It was invented more than two decades ago by Livingston Enterprises, Inc. Today, numerous ISPs (Internet Service Providers) and enterprises use the system of RADIUS billing to operate access to the Internet or internal networks including integrated e-mail services and wireless nets. These networks, in their turn, may encompass modems, DSL, VPNs, web servers, network ports, access points etc.
RADIUS is a kind of client/server protocol running in the application layer in which UDP is used as a transport. It serves three primary functions also known as ’AAA’:
RADIUS server uses this concept (AAA) to manage two parts of the network access process also known as ‘AAA transaction’.

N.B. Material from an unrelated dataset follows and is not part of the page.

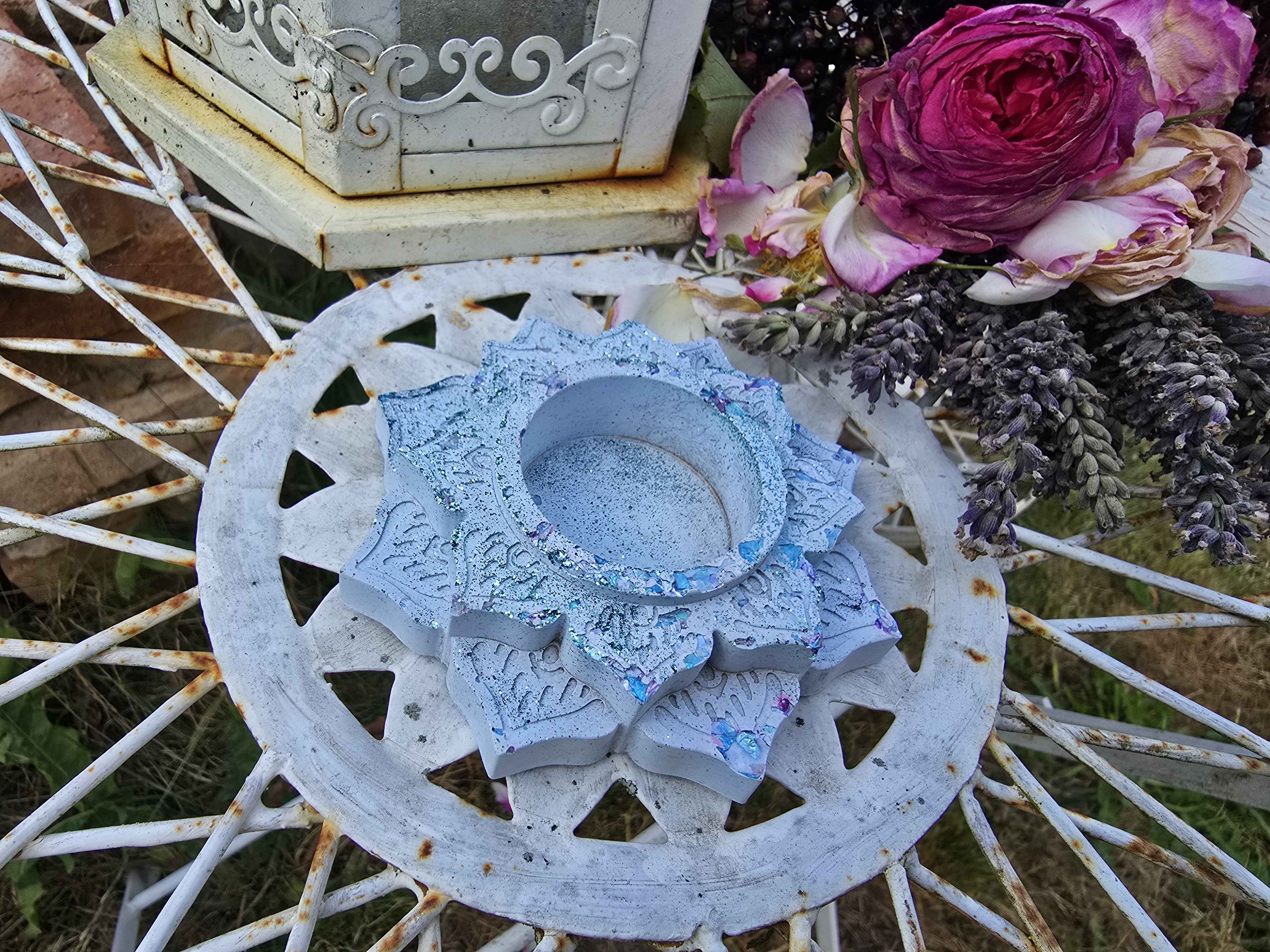 Diese Lotusblüte ist ein handgefertigtes Unikat. Sie dient nicht nur als Teelichthalter, sondern verzaubert dich wie aus einem Märchen von Tausend und einer Nacht. Ein schönes Accessoires für gemütliche Abende bei Kerzenschein.

Let’s try to describe these complicated processes in simple terms. First, the user or a device sends a request to RAS (Remote Access Service) in order to get access to a particular resource. To do this, he/she/it uses access credentials (typically in the form of username and password or security certificate). Then, the RAS sends a message with provided data (credentials) directly to the RADIUS server requesting authorization. The given information is checked with the help of PAP, CHAP or EAP schemes and then one of the three responses are sent to the RAS: ‘Access Reject’, ‘Access Challenge’ or ‘Access Accept’.

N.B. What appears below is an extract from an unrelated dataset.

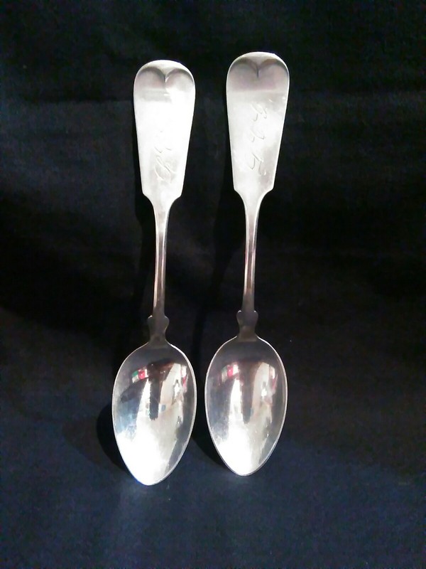 Lot Of 2 Antique Coin Silver Teaspoons*T&E Dickinson*

Access Reject: the user is denied access. The reasons may vary, one of the most frequent is failure to provide proof of identification. Access Challenge: additional credentials are needed (secondary password, PIN, token etc). This response is mainly used in more complicated dialogues where the access data are hidden from the RAS. Access Accept: access is granted and the user is authorized. Each of the responses may contain a Reply-Message attribute (it usually includes a reason for rejection, challenge or a welcome message in case of authorization). When the user is authorized, the Accounting process is started. Although the main goal of this function is to bill the user accordingly, the obtained data can serve for statistical purposes and overall network monitoring.
The Internet Assigned Numbers Authority (IANA) officially assigned UDP ports 1812 and 1813 for RADIUS Authentication and RADIUS Accounting respectively. Prior to this allocation, ports 1645 and 1646 were used unofficially. These ports are traditionally used to this day for backwards compatibility. For this reason many of the server implementations check both sets of allocations for RADIUS request.
RADIUS protocol has been proven to be a reliable system providing management for computers connecting and using network services.